Elastic Net produces a regression model that is penalized with both the L1-norm and L2-norm. The consequence of this is to effectively shrink coefficients (like in ridge regression) and to set some coefficients to zero (as in LASSO).
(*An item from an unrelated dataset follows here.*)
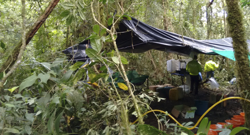 En el sitio fueron hallados 82 kilos de cocaína junto con insumos líquidos y sólidos para el procesamiento del alcaloide.Nuestro personal adscrito a la seccional de investigación criminal del departamento de Policía Norte de Santander, llevó a cabo una operación contra el tráfico local de estupefacientes, en la que se logró la destrucción de un laboratorio para el procesamiento de clorhidrato de cocaína.El complejo cocalero, avaluado en 100 millones de pesos, fue ubicado gracias a intensos trabajos de inteligencia y policía judicial que dieron como resultado su hallazgo en el sector conocido como El Alto de Mejué del municipio de Chinácota de una estructura rústica de madera y tejas de zinc, en las que habían 82 kilogramos de cocaína, recipientes plásticos y metálicos, hornos microondas, grameras digitales, una planta eléctrica, una prensa hidráulica, un compresor de aire, dos mesas para filtrar, coladores, cinta adhesiva, varios rollos de papel filtro y 90 galones de gasolina.Las muestras y diligencias del procedimiento de destrucción de este laboratorio, que al parecer tiene una capacidad de producción mensual aproximada de 100 kilos, el alcaloide que según las investigaciones pertenecía a la estructura financiera del Clan Úsuga, fueron puestas a disposición de la Fiscalía General de la Nación y el predio donde se encontraba el complejo cocalero se le iniciaría un proceso de extinción de dominio.Nuestros uniformados adscritos al Departamento de Policía Norte Santander mantendrá su lucha frontal contra el tráfico local de estupefacientes con el fin de preservar la convivencia y seguridad ciudadana en toda la región e invita a la comunidad a seguir suministrando información que permita la ubicación y destrucción de sitios destinados para el procesamiento de narcóticos.

The main advantage of elastic net model is that it enables effective regularization by having the ridge-type penalty along with the feature selection quality of the lasso penalty.
The elastic net
penalty is controlled by \(\alpha\) and bridges the gap between lasso
regression (\(\alpha\)=1), the default) and ridge
regression (\(\alpha\)=0)
set.seed(317)
# tune enet model
enet.fit <- train(mpg ~ .,
data = cbind(y, X),
method="enet",
metric="Rsquared",
tuneGrid = expand.grid(fraction=seq(0,1,by=0.5), lambda=seq(0,1,by=0.1)),
trControl=trainControl(method = "cv",number=5),
preProcess=c("center", "scale")
)
enet.fit
## Elasticnet
##
## 32 samples
## 5 predictor
##
## Pre-processing: centered (5), scaled (5)
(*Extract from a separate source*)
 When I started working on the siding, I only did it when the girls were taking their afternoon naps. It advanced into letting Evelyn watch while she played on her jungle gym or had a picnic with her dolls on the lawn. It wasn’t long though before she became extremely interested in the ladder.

## Resampling: Cross-Validated (5 fold)
## Summary of sample sizes: 27, 25, 24, 26, 26
## Resampling results across tuning parameters:
##
## lambda fraction RMSE Rsquared MAE
## 0.0 0.0 6.092495 NaN 4.790702
## 0.0 0.5 2.963974 0.8608627 2.308459
## 0.0 1.0 2.960116 0.8909997 2.463497
## 0.1 0.0 6.092495 NaN 4.790702
## 0.1 0.5 3.410338 0.8434706 2.738572
## 0.1 1.0 2.959709 0.8786805 2.567977
## 0.2 0.0 6.092495 NaN 4.790702
## 0.2 0.5 3.304626 0.8442705 2.673975
## 0.2 1.0 3.043585 0.8734554 2.696009
## 0.3 0.0 6.092495 NaN 4.790702
## 0.3 0.5 3.212594 0.8467468 2.610914
## 0.3 1.0 3.155250 0.8710062 2.817039
## 0.4 0.0 6.092495 NaN 4.790702
## 0.4 0.5 3.134282 0.8503048 2.556383
## 0.4 1.0 3.285646 0.8695794 2.932687
## 0.5 0.0 6.092495 NaN 4.790702
## 0.5 0.5 3.064486 0.8532132 2.503132
## 0.5 1.0 3.429025 0.8686302 3.043156
## 0.6 0.0 6.092495 NaN 4.790702
## 0.6 0.5 3.004086 0.8553740 2.458839
## 0.6 1.0 3.581158 0.8679417 3.148605
## 0.7 0.0 6.092495 NaN 4.790702
## 0.7 0.5 2.952792 0.8570378 2.416551
## 0.7 1.0 3.738887 0.8674115 3.270851
## 0.8 0.0 6.092495 NaN 4.790702
## 0.8 0.5 2.910074 0.8583557 2.377308
## 0.8 1.0 3.899840 0.8669854 3.402188
## 0.9 0.0 6.092495 NaN 4.790702
## 0.9 0.5 2.875276 0.8594240 2.344480
## 0.9 1.0 4.062221 0.8666319 3.545806
## 1.0 0.0 6.092495 NaN 4.790702
## 1.0 0.5 2.847685 0.8603063 2.320124
## 1.0 1.0 4.224653 0.8663315 3.690889
##
## Rsquared was used to select the optimal model using the largest value.
## The final values used for the model were fraction = 1 and lambda = 0.